A thin capsule of connective tissue surrounds the thyroid and divides it into a cluster of globular sacks called follicles. The gland does not, however, have any true subdivisions, and the follicles are packed together like a bag of berries. The follicles are lined with follicular cells that secrete hormones called thyroxine (T4) and triiodothyronine (T3) and enclose a glutinous material called colloid. Colloid is primarily made of a protein called thyroglobulin that is involved in the formation of T4 and T3. Cells called parafollicluar cells or C-cells, which secrete the hormone calcitonin, are found between the follicles.
T3 and T4 hormones
The primary function of the thyroid gland is to produce and secrete T4 and T3, which are hormones involved in many aspects of growth, development, and metabolism. T4 and T3 are produced from thyroglobulin attached to iodide. Iodine obtained from the diet is absorbed through the small intestine, converted into iodide, and transported through the blood stream to the thyroid.
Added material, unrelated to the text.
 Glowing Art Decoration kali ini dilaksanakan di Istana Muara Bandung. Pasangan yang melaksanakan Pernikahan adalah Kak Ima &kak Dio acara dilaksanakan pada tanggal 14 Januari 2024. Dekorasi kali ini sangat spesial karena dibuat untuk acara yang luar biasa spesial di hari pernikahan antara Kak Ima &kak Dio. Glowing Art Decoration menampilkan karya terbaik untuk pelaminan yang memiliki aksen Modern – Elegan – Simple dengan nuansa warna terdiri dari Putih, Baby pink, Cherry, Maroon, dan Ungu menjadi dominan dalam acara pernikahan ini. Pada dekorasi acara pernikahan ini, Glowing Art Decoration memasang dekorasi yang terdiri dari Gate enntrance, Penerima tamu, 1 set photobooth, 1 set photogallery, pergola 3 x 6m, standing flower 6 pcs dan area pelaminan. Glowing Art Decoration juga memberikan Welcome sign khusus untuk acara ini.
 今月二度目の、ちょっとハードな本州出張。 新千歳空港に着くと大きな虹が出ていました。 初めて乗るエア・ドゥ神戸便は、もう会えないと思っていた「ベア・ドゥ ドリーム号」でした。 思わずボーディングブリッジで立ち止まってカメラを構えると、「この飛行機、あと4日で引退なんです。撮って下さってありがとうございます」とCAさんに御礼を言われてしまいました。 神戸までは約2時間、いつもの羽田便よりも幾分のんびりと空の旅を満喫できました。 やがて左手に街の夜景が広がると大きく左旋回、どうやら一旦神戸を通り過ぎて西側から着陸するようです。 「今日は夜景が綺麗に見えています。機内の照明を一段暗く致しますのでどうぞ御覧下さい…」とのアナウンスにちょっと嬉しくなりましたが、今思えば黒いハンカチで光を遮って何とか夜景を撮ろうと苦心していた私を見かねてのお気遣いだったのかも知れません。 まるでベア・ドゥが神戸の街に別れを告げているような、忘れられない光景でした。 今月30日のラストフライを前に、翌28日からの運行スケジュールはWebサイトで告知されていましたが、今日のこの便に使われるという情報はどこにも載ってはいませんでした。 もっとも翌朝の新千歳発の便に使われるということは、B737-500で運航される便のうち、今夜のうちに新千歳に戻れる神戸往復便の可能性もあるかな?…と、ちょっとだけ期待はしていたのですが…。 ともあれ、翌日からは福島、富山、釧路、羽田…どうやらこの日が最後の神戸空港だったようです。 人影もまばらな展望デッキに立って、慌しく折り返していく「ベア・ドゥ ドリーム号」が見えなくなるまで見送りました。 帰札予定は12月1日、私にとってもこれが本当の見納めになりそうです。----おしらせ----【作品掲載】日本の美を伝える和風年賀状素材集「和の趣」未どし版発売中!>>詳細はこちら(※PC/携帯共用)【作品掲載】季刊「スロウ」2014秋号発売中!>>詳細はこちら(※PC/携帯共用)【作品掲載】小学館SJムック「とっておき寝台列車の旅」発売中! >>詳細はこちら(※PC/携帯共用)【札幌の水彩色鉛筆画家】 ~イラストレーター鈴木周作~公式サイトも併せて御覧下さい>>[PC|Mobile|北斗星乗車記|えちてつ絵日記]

The iodide absorbed by the thyroid attaches to thyroglobulin and forms monoiodotyrosine (MIT) and diiodotyrosine (DIT). T4 is formed when two DITs join together and T3 is formed when one MIT joins to one DIT. At this point the T3/T4 are still attached to the thyroglobulin. The thyroglobulin containing T4 and T3 is then transported to the center of the follicle where it forms colloid. When there are low levels of T4 and T3 in the blood, the follicular cells are stimulated to ingest colloid, and digest the thyroglobulin. This ultimately results in the release of T4 and T3 into the blood stream.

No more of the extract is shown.